=== COLLECTED MATERIAL ===

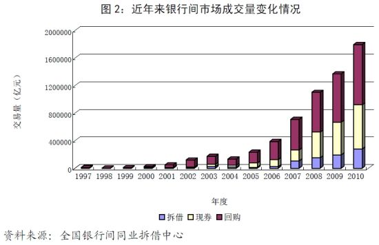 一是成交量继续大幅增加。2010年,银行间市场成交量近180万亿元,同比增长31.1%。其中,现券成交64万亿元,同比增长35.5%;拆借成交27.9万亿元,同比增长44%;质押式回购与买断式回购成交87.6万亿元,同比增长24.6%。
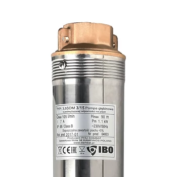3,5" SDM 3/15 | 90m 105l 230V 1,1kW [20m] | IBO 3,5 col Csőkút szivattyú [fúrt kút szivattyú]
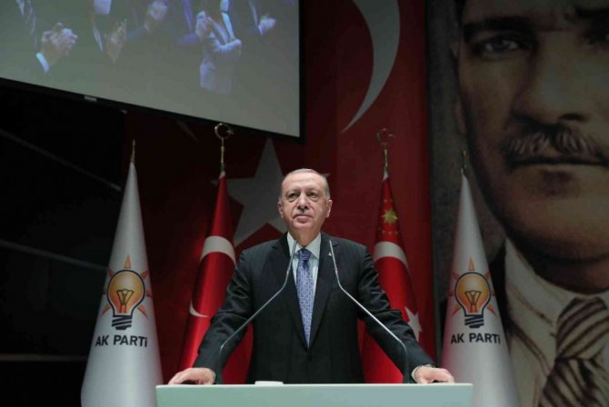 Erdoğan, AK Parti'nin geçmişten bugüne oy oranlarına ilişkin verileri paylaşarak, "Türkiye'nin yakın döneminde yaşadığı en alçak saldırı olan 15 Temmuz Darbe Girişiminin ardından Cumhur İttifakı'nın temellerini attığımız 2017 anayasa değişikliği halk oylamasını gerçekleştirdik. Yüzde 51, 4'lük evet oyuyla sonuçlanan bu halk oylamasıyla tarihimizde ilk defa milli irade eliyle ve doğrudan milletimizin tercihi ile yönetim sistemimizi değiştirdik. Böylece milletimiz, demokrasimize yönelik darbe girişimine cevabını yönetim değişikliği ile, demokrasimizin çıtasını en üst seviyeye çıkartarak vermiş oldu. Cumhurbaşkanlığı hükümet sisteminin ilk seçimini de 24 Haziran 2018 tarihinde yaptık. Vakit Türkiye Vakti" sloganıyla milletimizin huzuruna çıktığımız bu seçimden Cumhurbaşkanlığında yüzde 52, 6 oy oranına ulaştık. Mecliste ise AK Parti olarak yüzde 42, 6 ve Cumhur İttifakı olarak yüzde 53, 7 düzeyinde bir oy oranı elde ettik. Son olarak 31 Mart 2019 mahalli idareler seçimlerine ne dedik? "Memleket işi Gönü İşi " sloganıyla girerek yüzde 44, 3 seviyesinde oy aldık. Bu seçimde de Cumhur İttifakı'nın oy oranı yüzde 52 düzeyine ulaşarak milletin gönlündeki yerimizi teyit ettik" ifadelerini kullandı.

===

## YOUR GOAL:
Your answer must be the full listing, word for word, minus any images.

## RESPONSE TO THIS EXERCISE:
 一是成交量继续大幅增加。2010年,银行间市场成交量近180万亿元,同比增长31.1%。其中,现券成交64万亿元,同比增长35.5%;拆借成交27.9万亿元,同比增长44%;质押式回购与买断式回购成交87.6万亿元,同比增长24.6%。
3,5" SDM 3/15 | 90m 105l 230V 1,1kW [20m] | IBO 3,5 col Csőkút szivattyú [fúrt kút szivattyú]
 Erdoğan, AK Parti'nin geçmişten bugüne oy oranlarına ilişkin verileri paylaşarak, "Türkiye'nin yakın döneminde yaşadığı en alçak saldırı olan 15 Temmuz Darbe Girişiminin ardından Cumhur İttifakı'nın temellerini attığımız 2017 anayasa değişikliği halk oylamasını gerçekleştirdik. Yüzde 51, 4'lük evet oyuyla sonuçlanan bu halk oylamasıyla tarihimizde ilk defa milli irade eliyle ve doğrudan milletimizin tercihi ile yönetim sistemimizi değiştirdik. Böylece milletimiz, demokrasimize yönelik darbe girişimine cevabını yönetim değişikliği ile, demokrasimizin çıtasını en üst seviyeye çıkartarak vermiş oldu. Cumhurbaşkanlığı hükümet sisteminin ilk seçimini de 24 Haziran 2018 tarihinde yaptık. Vakit Türkiye Vakti" sloganıyla milletimizin huzuruna çıktığımız bu seçimden Cumhurbaşkanlığında yüzde 52, 6 oy oranına ulaştık. Mecliste ise AK Parti olarak yüzde 42, 6 ve Cumhur İttifakı olarak yüzde 53, 7 düzeyinde bir oy oranı elde ettik. Son olarak 31 Mart 2019 mahalli idareler seçimlerine ne dedik? "Memleket işi Gönü İşi " sloganıyla girerek yüzde 44, 3 seviyesinde oy aldık. Bu seçimde de Cumhur İttifakı'nın oy oranı yüzde 52 düzeyine ulaşarak milletin gönlündeki yerimizi teyit ettik" ifadelerini kullandı.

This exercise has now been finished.